The intuitive approach to this would be to have some functions for each instruction and maybe use templates to reduce boilerplate, and then finally just have a single large array to 'decode' opcodes.
Seems pretty straightforward... but also feels kinda boring.
Firstly, I don't want to keep track of a big array and I know with C++ I can define an array at compile-time pretty easily with something like:
static constexpr auto CreateCallbackMap() noexcept
{
// An array of callbacks mapped to the bytes
std::array<std::size_t (*)(MemoryMap&) noexcept, 0xFF + 1> callbacks{nullptr};
// Fill the callback array somehow
return callbacks;
}
Second, I want to organize each instruction by category in separate files so I can define category-specific operations neatly.
Finally, I want all of this to happen at compile-time so no shenanigans like a static constructor to handle registration.
Given the above conditions, the obvious problem is that "creating a registry at compile-time" means somehow maintaining state at compile-time... luckily, there is a solution! One that's technically within the bounds of the language and requires careful use to not violate the one-definition rule.

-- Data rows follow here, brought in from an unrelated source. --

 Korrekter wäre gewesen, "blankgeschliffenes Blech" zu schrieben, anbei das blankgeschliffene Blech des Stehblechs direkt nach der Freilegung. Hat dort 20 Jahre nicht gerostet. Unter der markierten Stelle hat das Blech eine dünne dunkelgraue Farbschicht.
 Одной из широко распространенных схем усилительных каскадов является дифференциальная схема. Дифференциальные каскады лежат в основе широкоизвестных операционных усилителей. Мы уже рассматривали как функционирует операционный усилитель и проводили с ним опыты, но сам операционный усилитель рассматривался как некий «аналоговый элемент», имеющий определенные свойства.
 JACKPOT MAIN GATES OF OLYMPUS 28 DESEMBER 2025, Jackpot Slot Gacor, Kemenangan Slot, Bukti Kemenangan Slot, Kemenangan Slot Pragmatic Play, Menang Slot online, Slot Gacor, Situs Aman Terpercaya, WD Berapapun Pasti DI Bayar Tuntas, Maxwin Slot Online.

Enter: friend-njection and Argument-Dependent Lookup (explained well in this StackOverflow post).
To not bore you with many details, the actual registry header is here.

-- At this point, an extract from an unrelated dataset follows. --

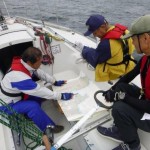 横須賀から出港し、目的港は保田港です。 台風の影響により、2日ともあいにくの雨空でした。1日目は濃霧で陸地がまったく見えません。針路を確認しながら保田港へ無事入港。2日目は、濃霧に加え風向きが悪く、本船の影を確認しながら、無事横須賀へ入港。 受講生の皆さん、お疲れ様でした。

Effectively, we have an InstructionDecoder class template used that ties an opcode with functions and metadata (e.g., CPU ticks) and also appends to a registry.
The registry itself maintains a callback map that simply gets filled by:
((callbacks[Decoders::Opcode] = &Decoders::Execute), ...);
Then each instruction category can be defined in separate files and as long as they end up in the same translation unit (e.g., with cpu.cpp), we'll have a compile-time registry defined with everything in a separate file!
Marching onwards
There were definitely a few things I skipped above, but those were the most interesting I think. Using known tests, I've been able to implement instructions without much trouble, albeit slowly and whenever I find time. It doesn't help that all of this work is happening on my old XPS 13 from 2016 with 8 GB of RAM. I might do another post later about my adventures in trying to speed up build times (those compile-time shenanigans definitely have a cost somewhere...).

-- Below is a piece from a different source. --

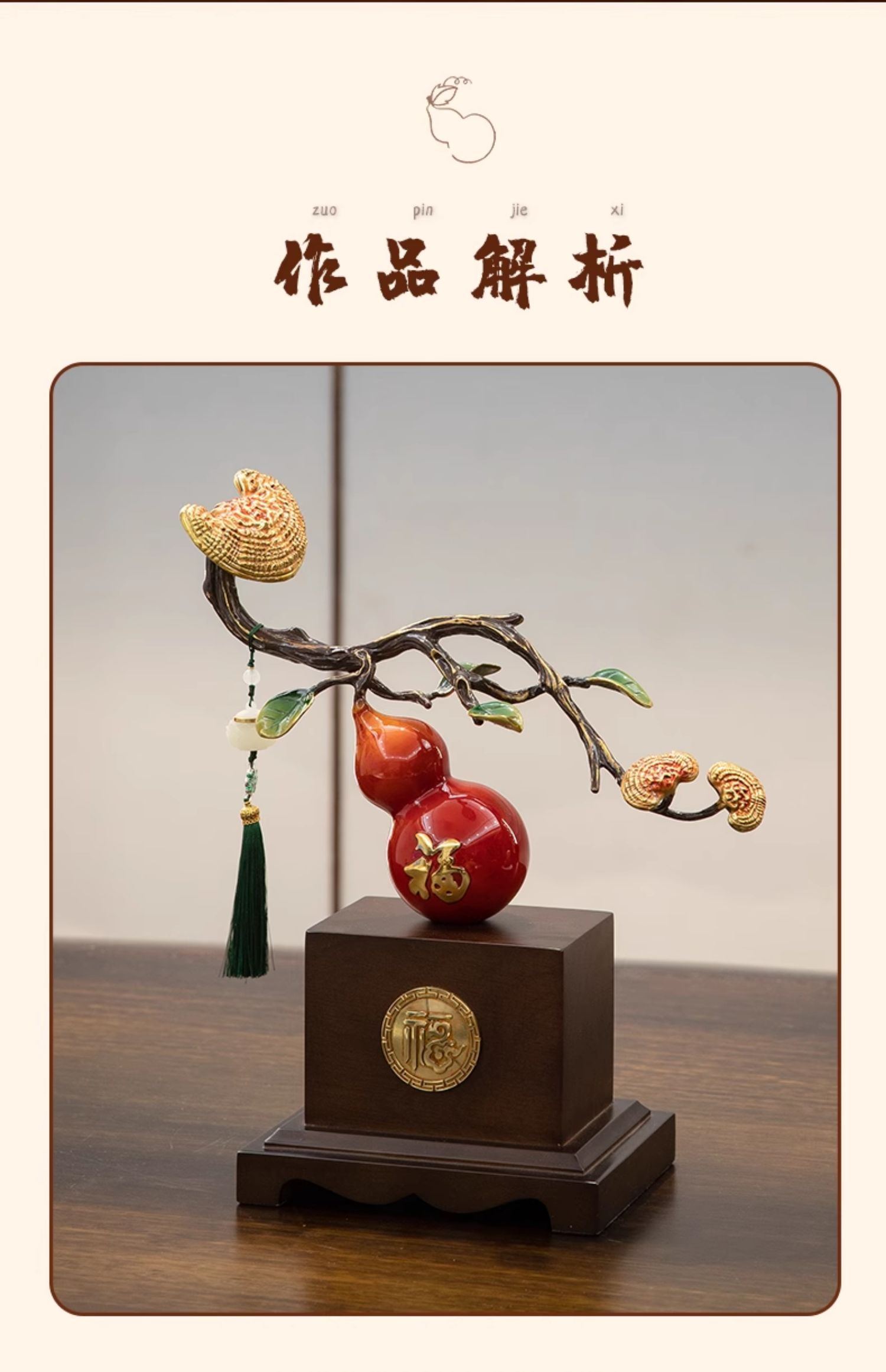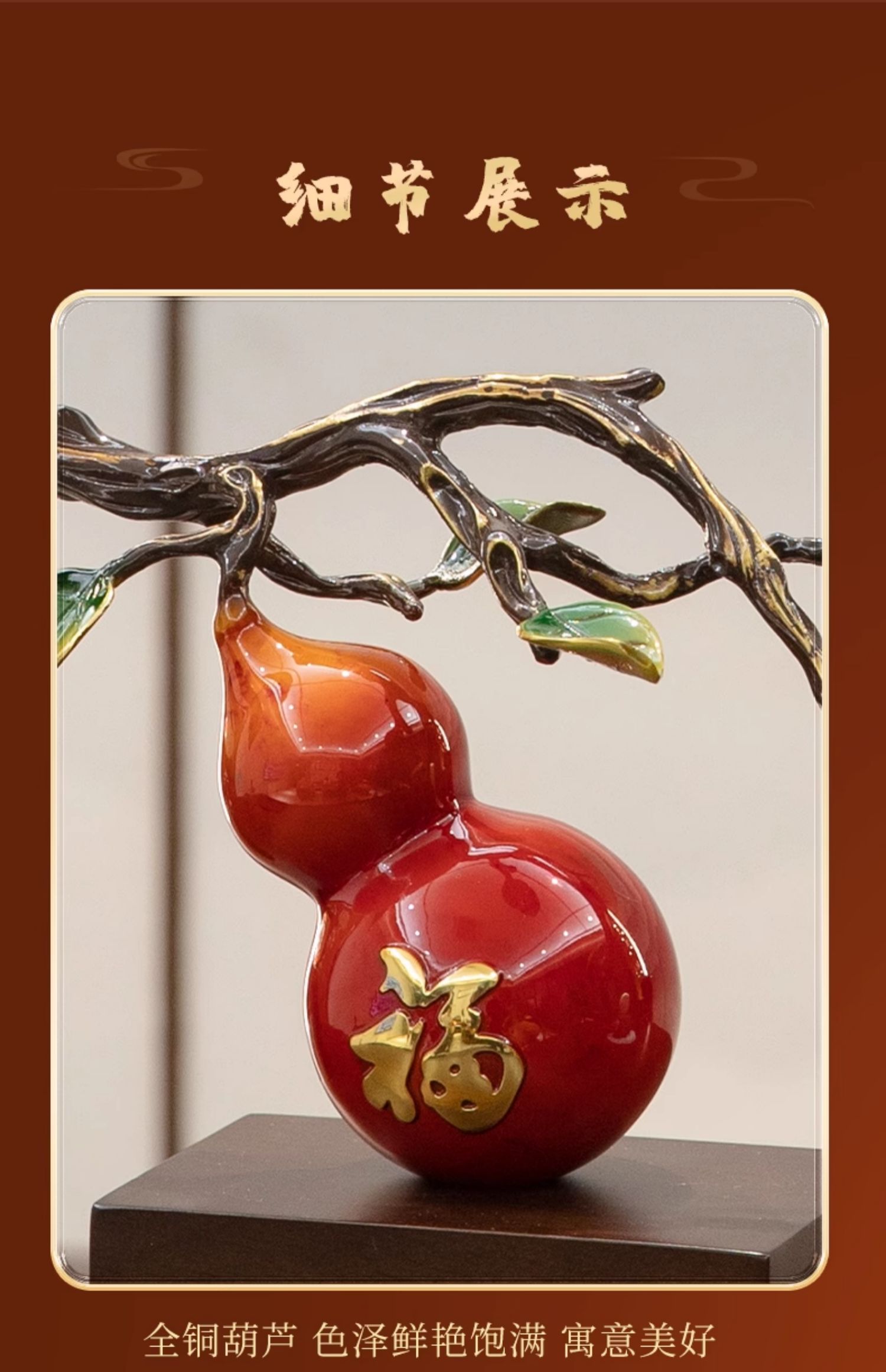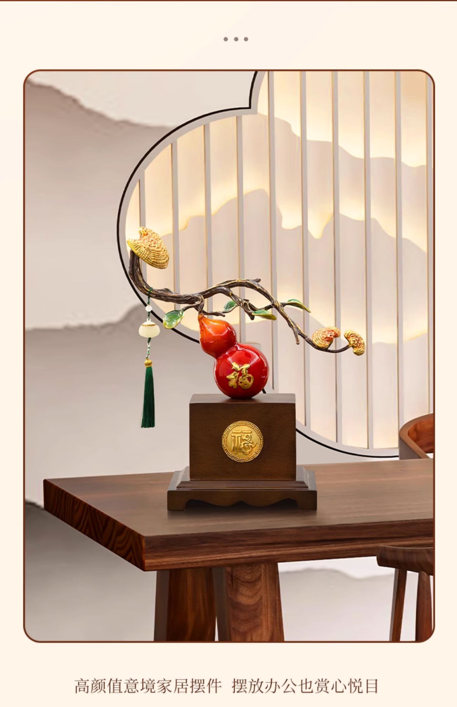 YL事事如意葫芦摆件 300*140*380-新中式黄铜万事葫芦办公室桌面高端大气

In personal projects, especially ones related to reverse engineering, I've generally learned that there's a lot of value in taking the time to understand problems and build a solid foundation. Being able to take each step and validate it is a fantastic privilege that not many fields get to experience, so it feels a bit wasteful to not do it when I can.
My old man philosophy aside, this has been a really fun project so far and I'm looking forward to researching and implementing the clock and interrupt behavior next, and then graphics!